The guideline suggests that patients using long-acting GCs switch to shorter-acting alternatives when long-acting GCs are no longer necessary (Table 1). It also suggests that patients receiving a physiologic daily dose equivalent who wish to discontinue GC therapy should either gradually taper the dose while monitoring for clinical signs of AI or undergo morning serum cortisol testing (Fig. 1). The guideline recommends morning serum cortisol as the initial test to confirm HPA axis recovery, noting that higher values suggest an adequate adrenal response. Additionally, the guideline suggests against routinely conducting dynamic tests to diagnose AI in patients who are tapering or discontinuing GC therapy.
GIAI should be considered patients with current or recent use of non-oral GC formulations who present with signs and symptoms indicative of AI and those using multiple GC formulations simultaneously, high-dose inhaled GC or topical GC, or inhaled or topical GCs for >1 year, as well as those who have received intra-articular GC injections in the past 2 months or are receiving concomitant treatment with strong cytochrome P450 3A4 inhibitors. Patients with current or previous GC treatment who show signs and symptoms of exogenous Cushing syndrome are suggested to have GIAI. The guideline suggests that patients intending to discontinue GCs who do not show recovery of HPA axis function within 1 year while on a physiologic daily dose should be assessed for underlying causes of AI other than GIAI. It also suggests that patients on GCs with a history of adrenal crisis should be evaluated by an endocrinology specialist. Fludrocortisone is not recommended in patients with GIAI.
Recommendations for the diagnosis and therapy of adrenal crisis
The guideline recommends that patients who are currently using GCs or have used them recently and have not undergone biochemical testing to rule out GIAI should receive stress dose coverage during periods of stress exposure. The guideline presents general considerations for managing patients at risk of or diagnosed with GIAI during stress exposure, as well as examples of stress and suggested regimens.

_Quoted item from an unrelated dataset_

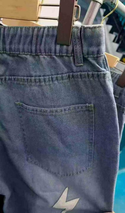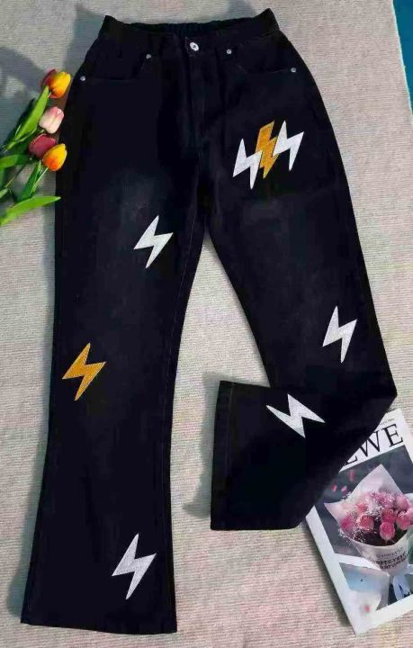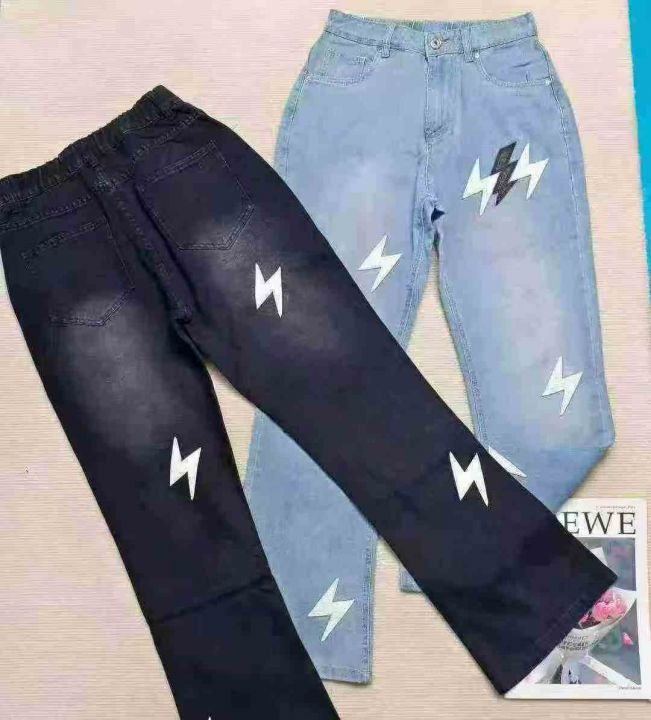 水洗棉直简微喇叭长裤松紧腰美式潮牌宽松闪电皮刺绣牛仔裤,488件,S-2XL,男女同款,独立包装,全清13.8元,分货+0.5

The guideline suggests considering adrenal crisis as a diagnosis in patients who are currently using or have recently used GCs and have not undergone biochemical testing to exclude GIAI if they present with hemodynamic instability, vomiting, or diarrhea, regardless of the GC type, administration mode, or dose. Patients suspected of having an adrenal crisis should receive treatment with parenteral GCs and fluid resuscitation. The guideline also provides a detailed description of the signs and symptoms of adrenal crisis, potential precipitating factors, and the management of patients at risk of or diagnosed with GIAI who are suspected of experiencing an adrenal crisis.

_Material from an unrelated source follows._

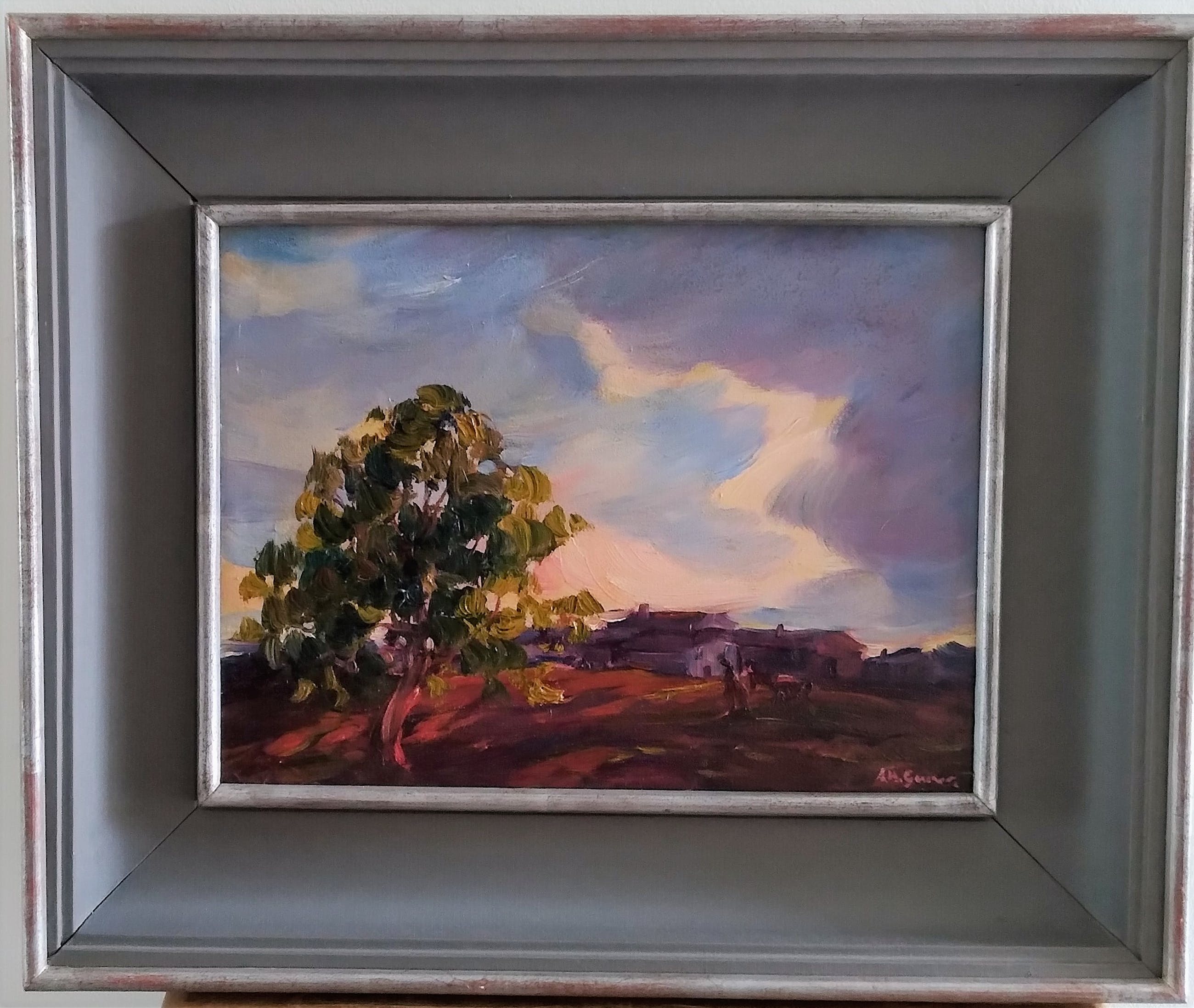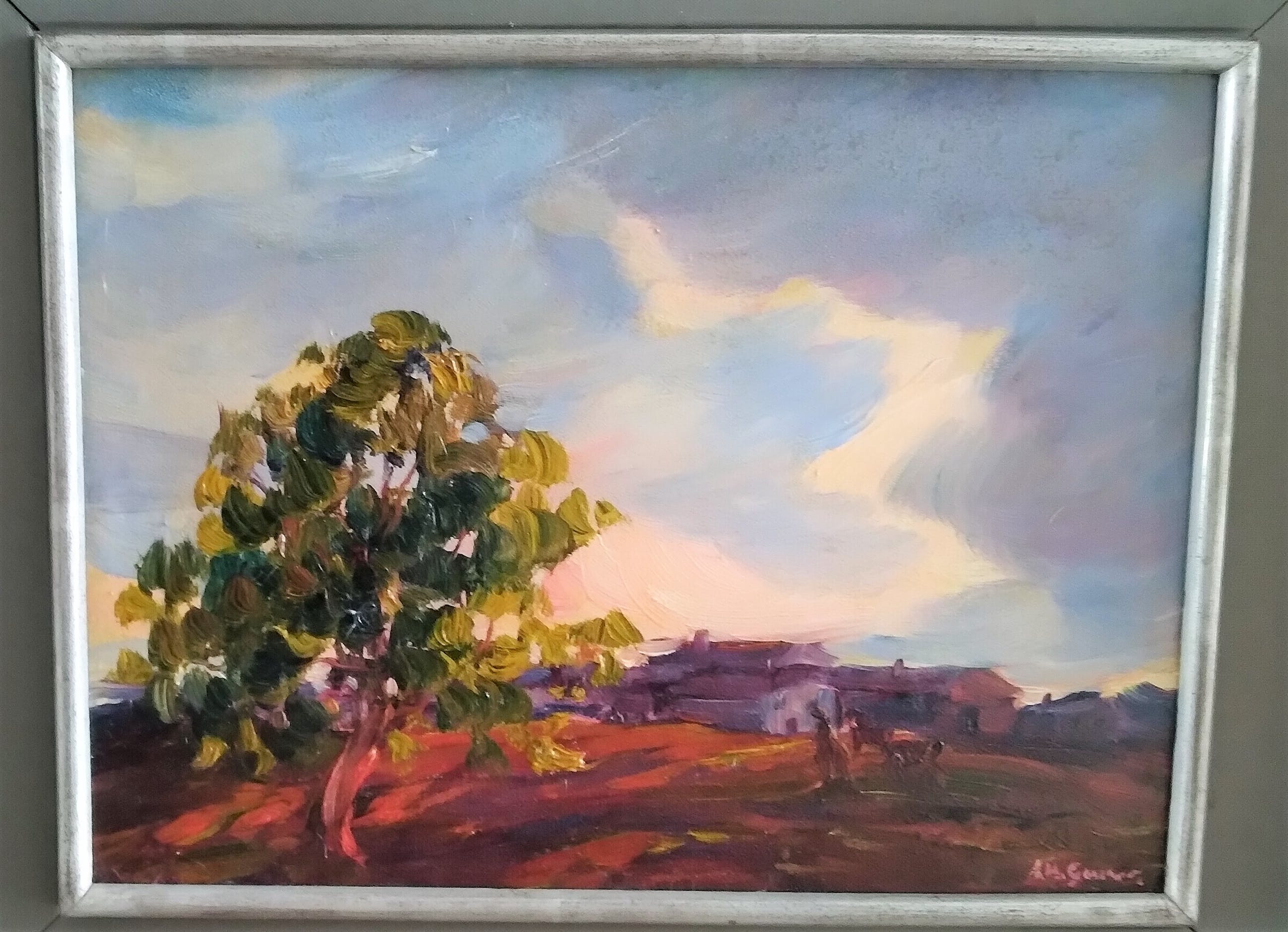 Bijzonder mooi, sprekend werk!Het platteland, omarmd door vurige luchten.

Limitations and future research directions
Most of these recommendations have low or very low levels of evidence. Further research is needed to determine the true risk of clinical adrenal crisis and AI, identify the morbidity and mortality associated with GIAI, and establish risk factors for AI. It will be necessary to improve our understanding of GC withdrawal, develop specific and predictive tests and follow-up parameters to identify at-risk patients, identify better GCs with less impact on HPA axis suppression and an improved adverse effect profile, and harmonize cortisol assays using mass spectrometry.
Conclusion
In conclusion, this joint clinical guideline is a comprehensive resource for clinicians managing patients on long-term GC therapy. It provides guidance on tapering, monitoring, and managing GIAI, while emphasizing patient education and safety.
Notes
CONFLICTS OF INTEREST
No potential conflict of interest relevant to this article was reported.